If the election had gone the way pollsters thought it would, by now Joe Biden would have been named president-elect. He would have won Texas and Florida easily, and would have delivered his victory speech in Delaware.
But, instead, more than a day after the polls closed, a winner has not been confirmed. As the votes were counted, the comfortable lead polling firms projected for Biden shrunk dramatically. Donald Trump outperformed pollster FiveThirtyEight’s average in every swing state but Arizona.
The US presidential election has turned out to be much tighter than political commentators could have ever imagined — and that is mostly down to polling firms. Many experts argue that pollsters would have done better had they more widely embraced data on social media.
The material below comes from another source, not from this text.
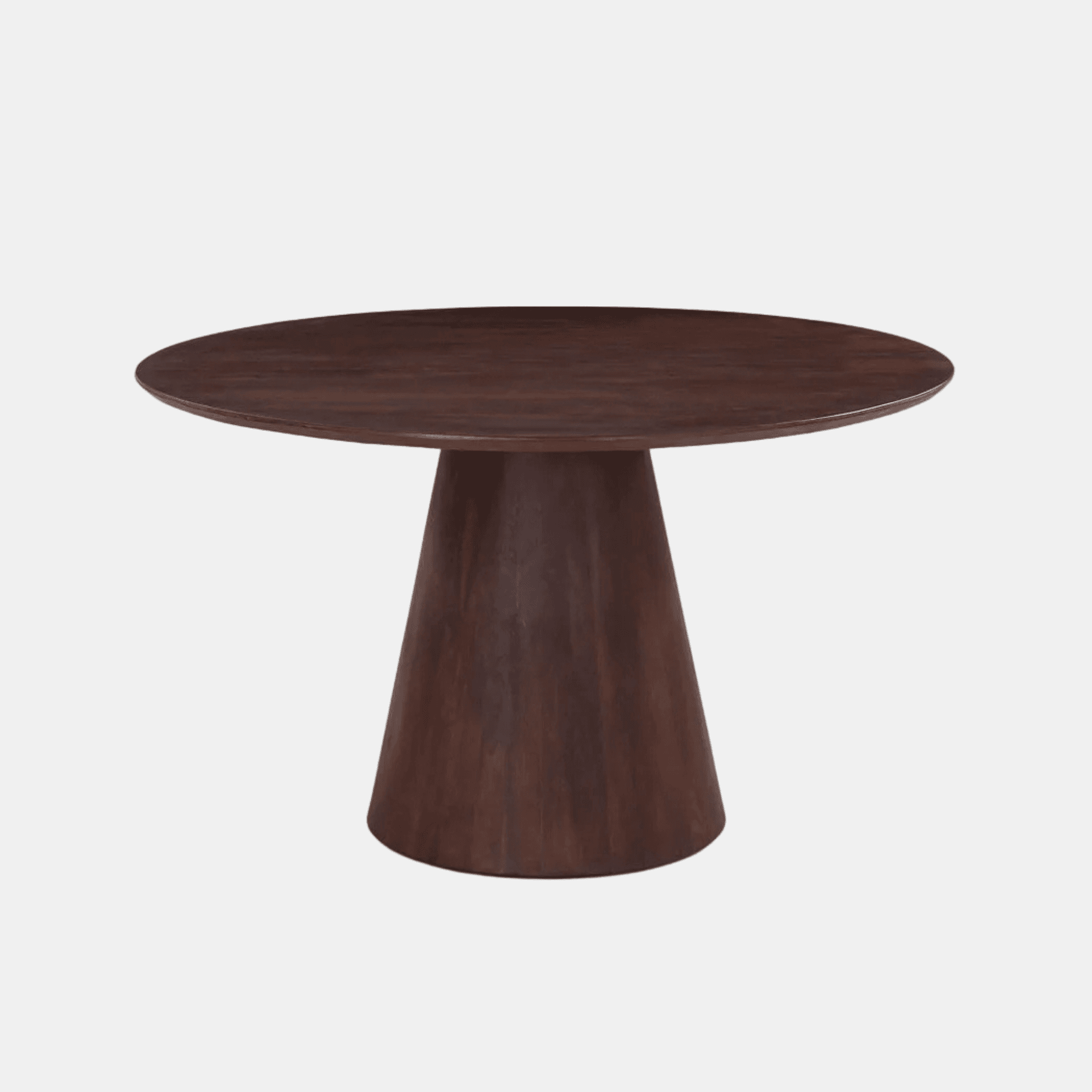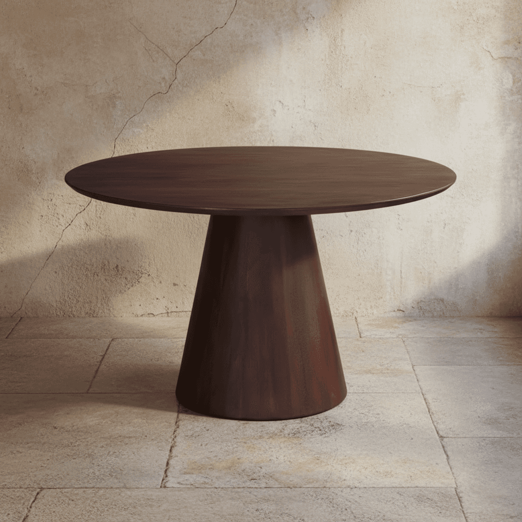 La table à manger Ganga en bois de manguier massif structure la salle à manger avec son plateau rond, sa finition marron profonde et son pied conique sculptural. Une pièce artisanale qui trouve sa place dans un décor contemporain, bohème ou chaleureux.

"Traditional polling is missing a little bit around the edges," says John Murphy, a Professor in Digital Media Business Strategies at the University of Connecticut. "I believe when you look at the social media conversations and all the social media data, that fills in the blanks. It’s like another piece to the pie."
Polling has become a matter of much derision in the US, with the industry described as "a train wreck", irrevocably broken, and "done".
"Traditional polls are instruments that measure political contests in metres but these elections are being decided by centimetres," says Republican digital strategist Eric Wilson, who worked on Marco Rubio’s 2016 White House run.
"So they have their place but they’re not giving the resolution that voters have come to expect."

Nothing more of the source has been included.